Frosty fields on part of Migrant Alley. The hedgerow marks the NW boundary of my patch area.
Panning round, slightly to the left, the trees on the left hand side are part of the Greenhouse Copse.
Before reaching the above views, I visited the Greenhouse Grounds, all the mud there had turned as hard as stone, but a GREY WAGTAIL was trying to find some morsel of food on it. Just a couple of LESSER REDPOLL and 4 SISKIN were also seen there. A YELLOWHAMMER was foraging along the sunny edge of the Greenhouse Copse, along with two PHEASANTS.
There were 100 or so BLACK HEADED GULLS out on the sheep pasture and paddocks of Migrant Alley, but I didn't find any Common Gulls or the Mediterranean Gull among them today. Walking back through the Greenhouse Grounds I saw the female KESTREL was back on her usul perch, the first time this week I've seen her there, plus a pair of BULLFINCH came down for a drink at the small run off pool, there was just enough unfrozen water at the edges for them to take what they needed :-)

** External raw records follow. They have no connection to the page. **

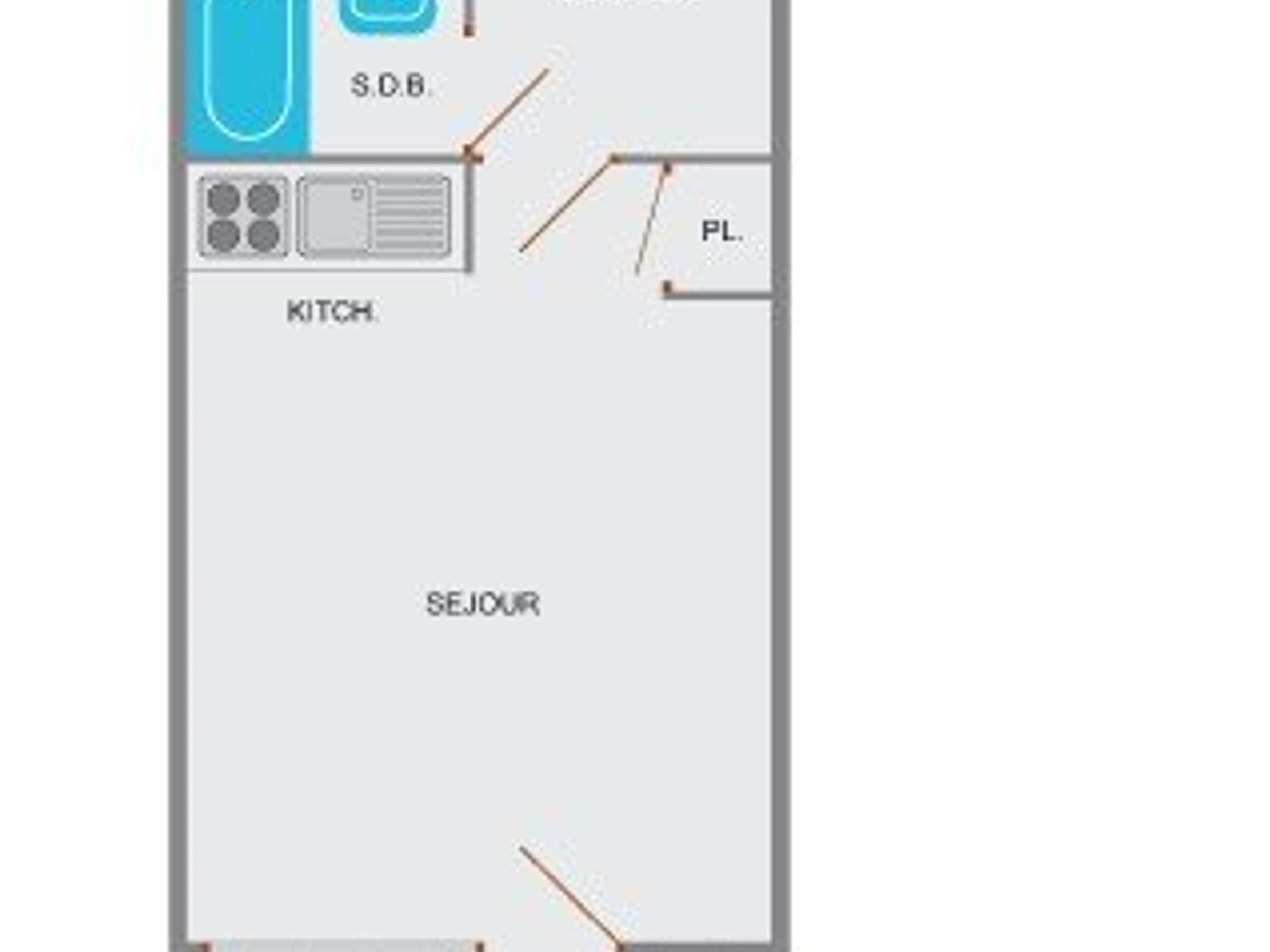 Cet appartement de vacances, situé en rez de jardin (1 étage à descendre) comprend un séjour avec un canapé convertible deux places et télévision, un coin cuisine équipé, un coin nuit avec deux lits superposés, une salle de bains et un WC indépendant.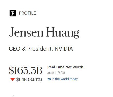 이처럼 그의 순자산은 대부분 엔비디아의 주가에 따라 변동되며, 현금성 자산보다 주식 가치 중심형 부를 유지하고 있습니다.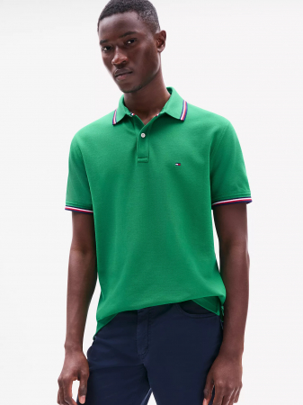 Tommy Hilfiger men's polo. A fresh spin on tradition, this regular-fit polo is made from quick-dry, wicking fabric with ultraviolet protection and features our signature stripe tipping at the cuffs and collar. Comfort? Check. Performance? Style? Check.
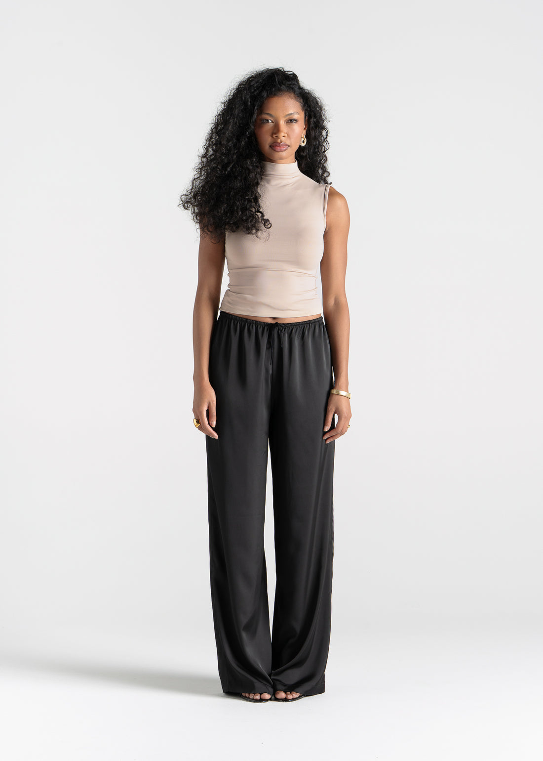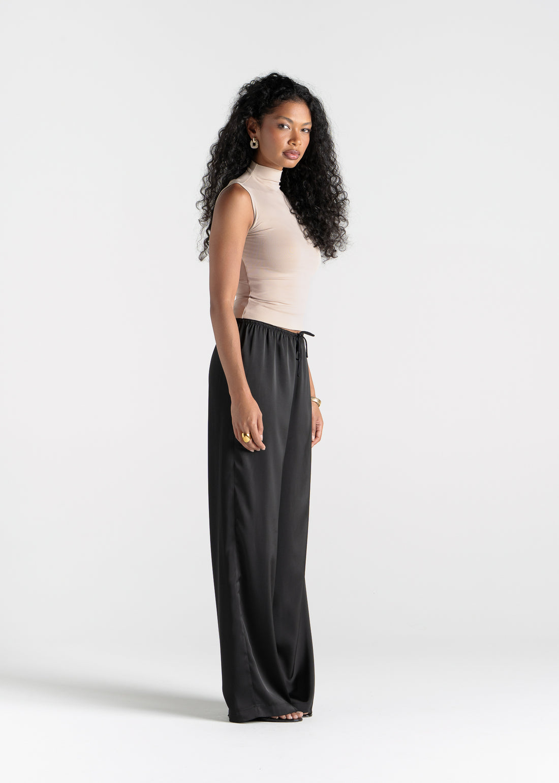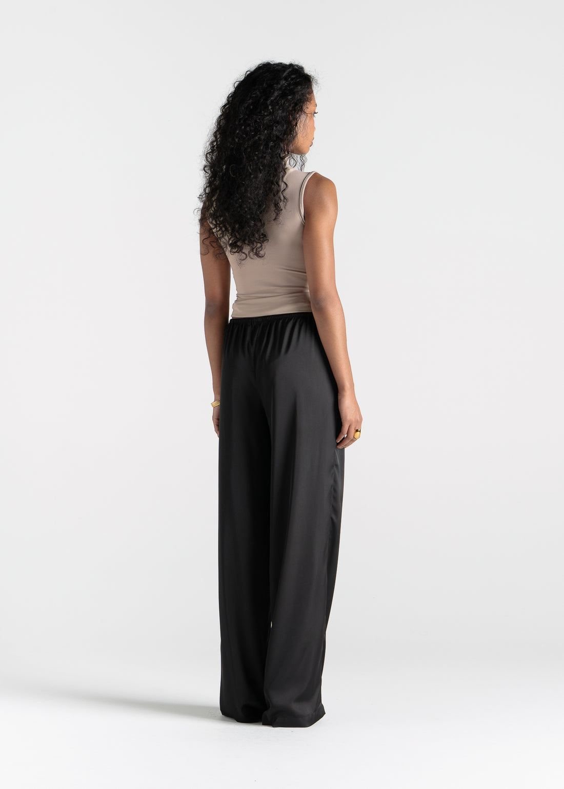 Adjustable drawstring Relaxed full-length leg Fluid satin trousers with a soft sheen and adjustable drawstring...

Ive got lots of images of her, but I cant pass her without snapping away, especially with the blue sky behind her!
She gave a stretch of her wings, then flew further along the roof to enjoy the warm sunshine.

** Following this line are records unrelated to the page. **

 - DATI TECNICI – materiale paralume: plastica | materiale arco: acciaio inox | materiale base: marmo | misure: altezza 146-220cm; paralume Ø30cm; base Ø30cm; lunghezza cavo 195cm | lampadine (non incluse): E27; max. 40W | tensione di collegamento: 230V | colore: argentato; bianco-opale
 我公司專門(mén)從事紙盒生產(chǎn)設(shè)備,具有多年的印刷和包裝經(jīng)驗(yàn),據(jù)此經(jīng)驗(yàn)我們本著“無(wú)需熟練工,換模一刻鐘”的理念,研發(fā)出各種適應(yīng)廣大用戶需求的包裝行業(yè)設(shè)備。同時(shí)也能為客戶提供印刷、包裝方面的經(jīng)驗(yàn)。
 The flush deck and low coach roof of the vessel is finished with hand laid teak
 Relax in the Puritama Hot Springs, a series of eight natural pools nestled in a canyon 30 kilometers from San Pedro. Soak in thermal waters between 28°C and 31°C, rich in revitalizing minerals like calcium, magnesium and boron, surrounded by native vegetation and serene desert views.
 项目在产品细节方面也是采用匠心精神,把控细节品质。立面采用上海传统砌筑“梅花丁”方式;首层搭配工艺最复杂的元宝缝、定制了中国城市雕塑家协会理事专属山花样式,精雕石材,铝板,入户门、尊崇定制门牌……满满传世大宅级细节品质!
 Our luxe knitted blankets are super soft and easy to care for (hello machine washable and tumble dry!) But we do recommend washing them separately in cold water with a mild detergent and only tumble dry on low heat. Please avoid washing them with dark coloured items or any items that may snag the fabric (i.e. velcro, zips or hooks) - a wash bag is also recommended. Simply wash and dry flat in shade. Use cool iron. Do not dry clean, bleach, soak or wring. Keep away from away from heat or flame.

The Ashes Lane Fields had nothing exciting for me, no snipe along the drainage ditch, only 4 MEADOW PIPITS and flyovers from a COMMON BUZZARD and a lone GREYLAG GOOSE were of note there. Approaching the sunny edge of the Wet Woods, I saw a dozen each of REDWING and FIELDFARE moving through the trees, before they flew off out onto the fields.
The Wet Woods and Scrubby Woods were much colder, as they are mostly in the shade, that probably explaining why little of note was found, the normal frequent sightings of GOLDCRESTS was down to just 2 individuals, but a pair of COAL TITS were watched displaying, and the NUTHATCH called.
The lakes were frozen from bank to bank again, so only the MALLARDS were seen, 8 of which sat in a huddle on the ice, waiting for a thaw, but it will take a day or two for the ice to completely go, even without any more frosts.